Бабушка (тут я дал маху: Лилии Степановне, конечно, без подготовки не стоило давать читать текст), дойдя до середины книги, обозвала меня чокнутым ребёнком и почему-то извращенцем. Затем наполнила весь дом отвратительным запахом валокордина и заявила, что теперь уж точно она отказывается принимать участие в моём воспитании: дескать, пусть теперь мама с папой меня и исправляют. «Свежо предание, да верится с трудом». Таких отказов было много, и этот оказался не последним. Бабуля моя ужасно гордится, что в совершенстве владеет английским языком, и частенько бросает в мой адрес всякие иноземные пословицы и поговорки, думая, что я всё равно не пойму. Но Лилия Степановна до последнего момента и не подозревала, что в моей голове уже накопилось достаточно английских слов, чтобы не только понять её выпады, но и достойно на них ответить. Вечером, вынырнув из своей комнаты, она прошла мимо меня и громко произнесла в сторону:
– Whom the gods would destroy, they first make mad1.
Хм, королева Англии нашлась. По-английски она со мной разговаривает. Миленькая моя бабулечка, мы тоже не лыком шиты. Я, не отрываясь от экрана телевизора, так же достаточно громко говорю:
– God helps those who help themselves!2
Ну, это типа нашей поговорки: «На Бога надейся, а сам не плошай!». Бабушка чуть не поперхнулась. Вы бы видели её глаза! Она уставилась на меня и за две-три минуты бровями таких узоров на лице навыводила, что с помощью её мимики можно было бы проиллюстрировать всю поэму Гоголя «Мёртвые души»: здесь вам и Чичиков, и Коробочка, и даже Ноздрёв.
И знаете, что я вдруг заметил? Удивительно, но на фоне её величайшего изумления мелькнула искорка восторга – Лилия Степановна поняла: время безответных подковырок прошло. На этом «урок английского» был завершён. Бабушка села рядом со мной на диван и молча уставилась в телевизор. Спустя некоторое время она наклонилась ко мне, поцеловала в висок и, тихонько всхлипнув, прошептала: «Не обижайся на меня, внучек, я ведь переживаю за тебя. Прости меня, старую дуру…». Мы обнялись с бабулей и долго-долго сидели молча, оба время от времени смахивая слёзы. Вы не подумайте, что я такой уж плакса. Просто не могу сдержаться, когда рядом плачет женщина, тем более если это моя бабушка, занудливая до чёртиков, но ласковая, нежная и любимая.
С дедом проще, с ним мокрых дел почти не бывает. Правда, после рюмочки-другой иногда тоже мокрит, но это случается очень редко и совершенно по другому поводу. Прочитав рукопись, Михаил Александрович (мы с ним полнейшие тёзки) покряхтел, покашлял, погладил меня по голове, задумался и закурил. Сделал две-три затяжки, жестоко о дно пепельницы свернул красную голову окурку и, ещё немного помолчав, тихо сказал:
– Будь осторожнее, внук, видишь, жизнь теперь – собака, сложная штука. Затем, качая головой, удалился в свою комнату.

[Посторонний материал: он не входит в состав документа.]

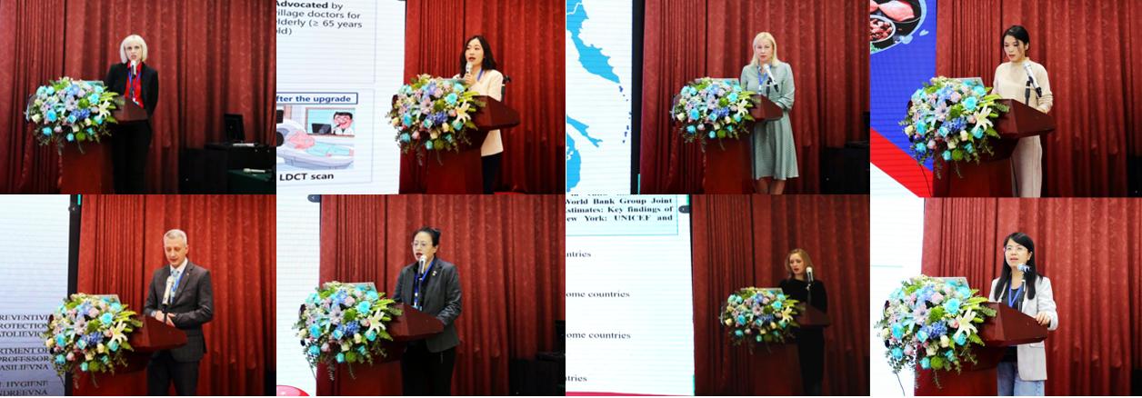 主论坛环节,由圣彼得堡西北国立医科大学公共卫生与卫生保健系副教授埃琳娜· 阿布穆斯利莫娃与哈尔滨医科大学公共卫生学院副院长田懋一分别就俄罗斯和中国公共卫生的现状、挑战和机遇进行了简要介绍,阐述了两国在公共卫生领域的共性及个性问题与特色实践。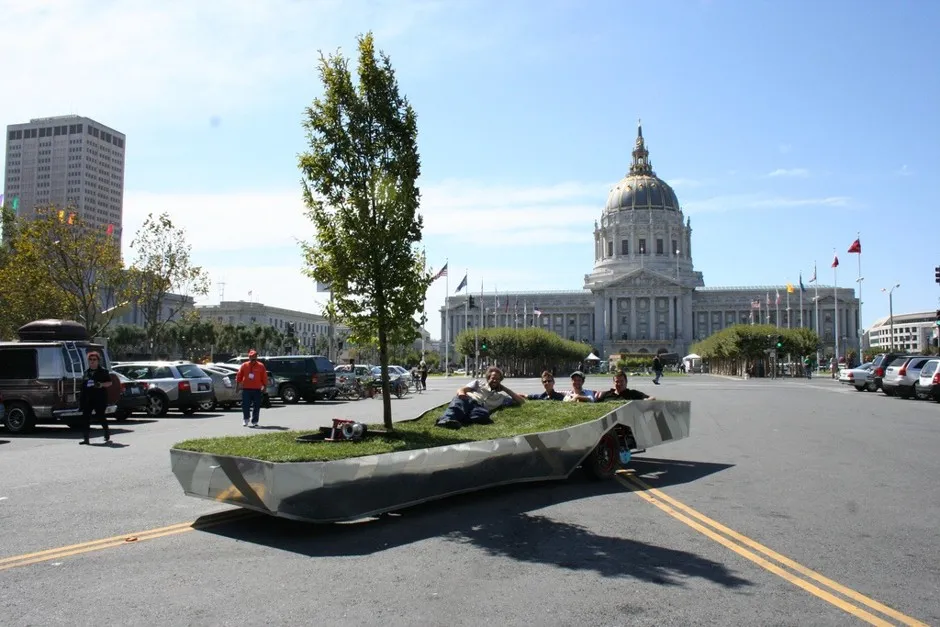 约翰·贝拉、布莱恩·梅尔克和马修·帕斯莫尔,Park(ing) Day的创始人,与艺术家鲁本·马戈林在2007年的Park(ing) Day上,站在旧金山市政厅前约翰·贝拉提供“我喜欢把Park(ing) Day的装置看作城市转型的入门药物,”约翰·贝拉说。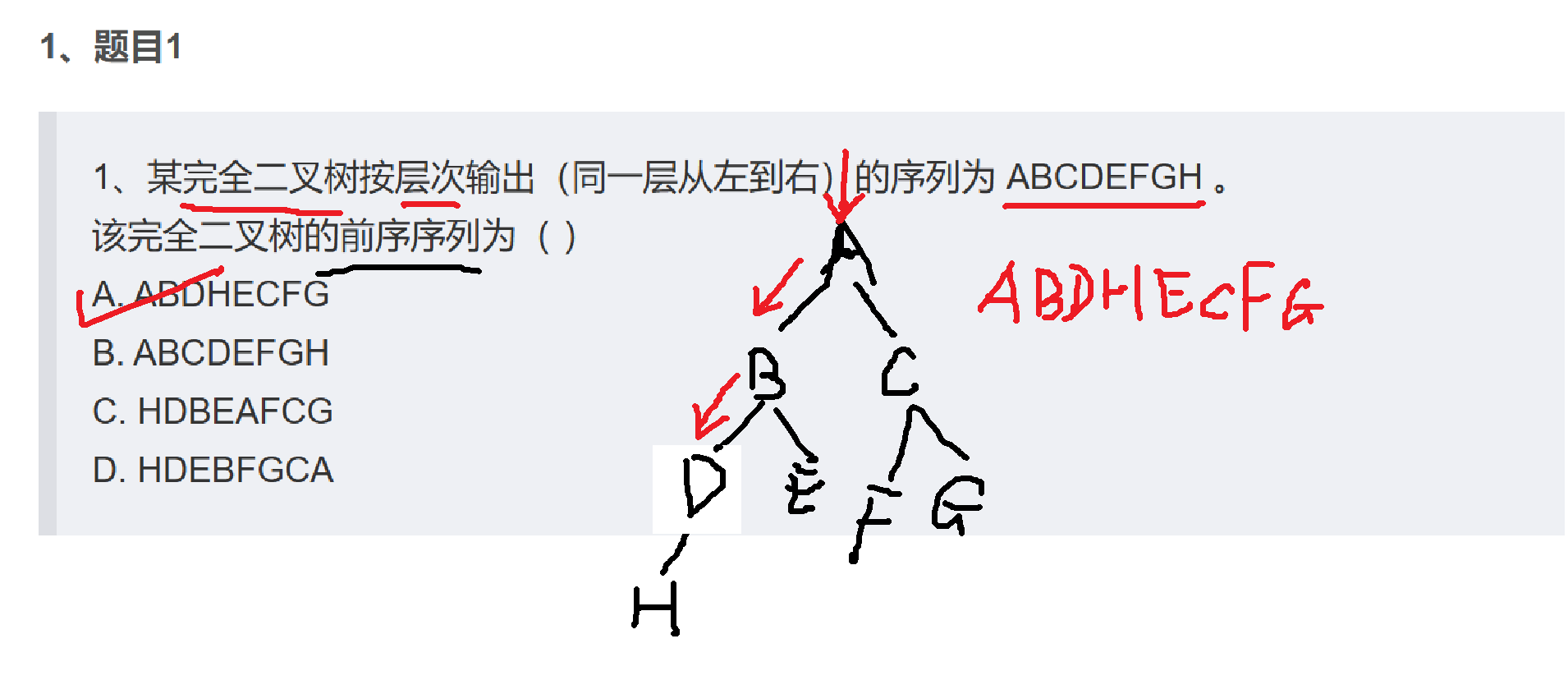 1、某完全二叉树按层次输出(同一层从左到右)的序列为 ABCDEFGH 。 该完全二叉树的前序序列为( ) A. ABDHECFG B. ABCDEFGH C. HDBEAFCG D. HDEBFGCA
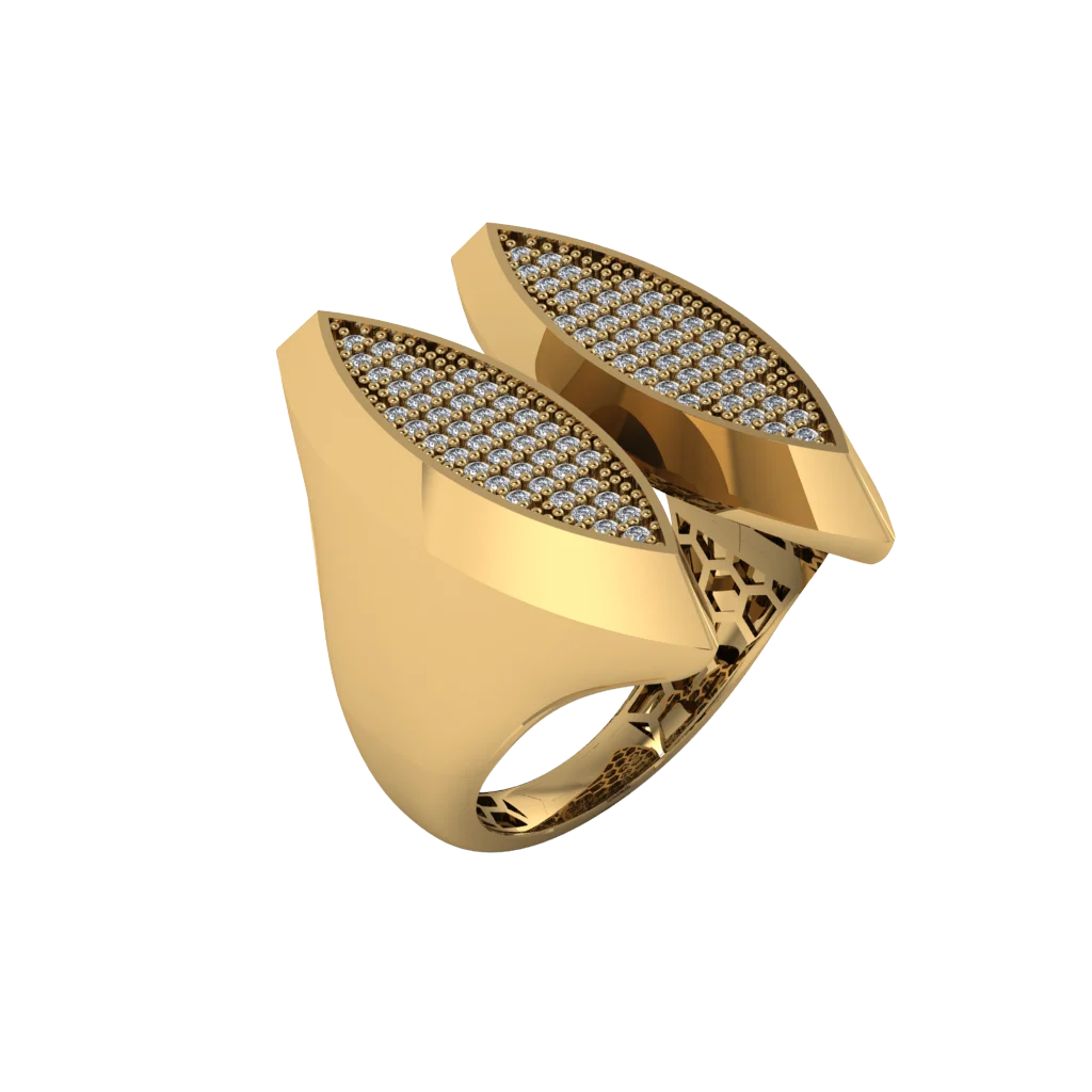 Кольцо с перекрещивающимися лентами, где внутренняя дуга усыпана мелкими камнями: переплетение создаёт динамику, а сочетание паве и полировки делает дизайн выразительным и объёмным.

Мама прочитала, нахмурилась, повздыхала и произнесла буквально следующее:
– Я бы повременила с публикацией, и вообще, дорогой Миша, рановато мы тебе интернет разрешили.
Слава богу! Если честно, от мамы я ожидал худшего. Кажется, обошлось.
Отец поцокал языком, опустил уголки губ книзу, смешно сощурил один глаз и, отвернувшись от мамы, подмигнул мне:
– Мама права: для твоего возраста, Миха, немного жестковато, хотя… тебе решать, сын. Тут есть другая опасность, – подумав, добавил он, – полежит твоя писанина в столе, можешь ненароком её и уничтожить – такое иногда случается.
– Папа, – возразил я, – но ведь говорят же: «Рукописи не горят»!
– Твои персонажи в книге много чего говорят, – усмехнулся отец, – а поступают иначе. Говорить и поступать, сын, – это совершенно разные вещи. А если бы рукописи не горели, у нас, может, и история была бы другой, и жили бы мы по-другому. Так что повторяю: решай сам.
– Хорошо, пап, – кивнул я, – подумаю…
– Подумай, подумай, – съязвил отец. – А то вырастешь и скажешь потом, что родители тебя в детстве цензурой обложили. Читали мы твой эпиграф к «Качелям…».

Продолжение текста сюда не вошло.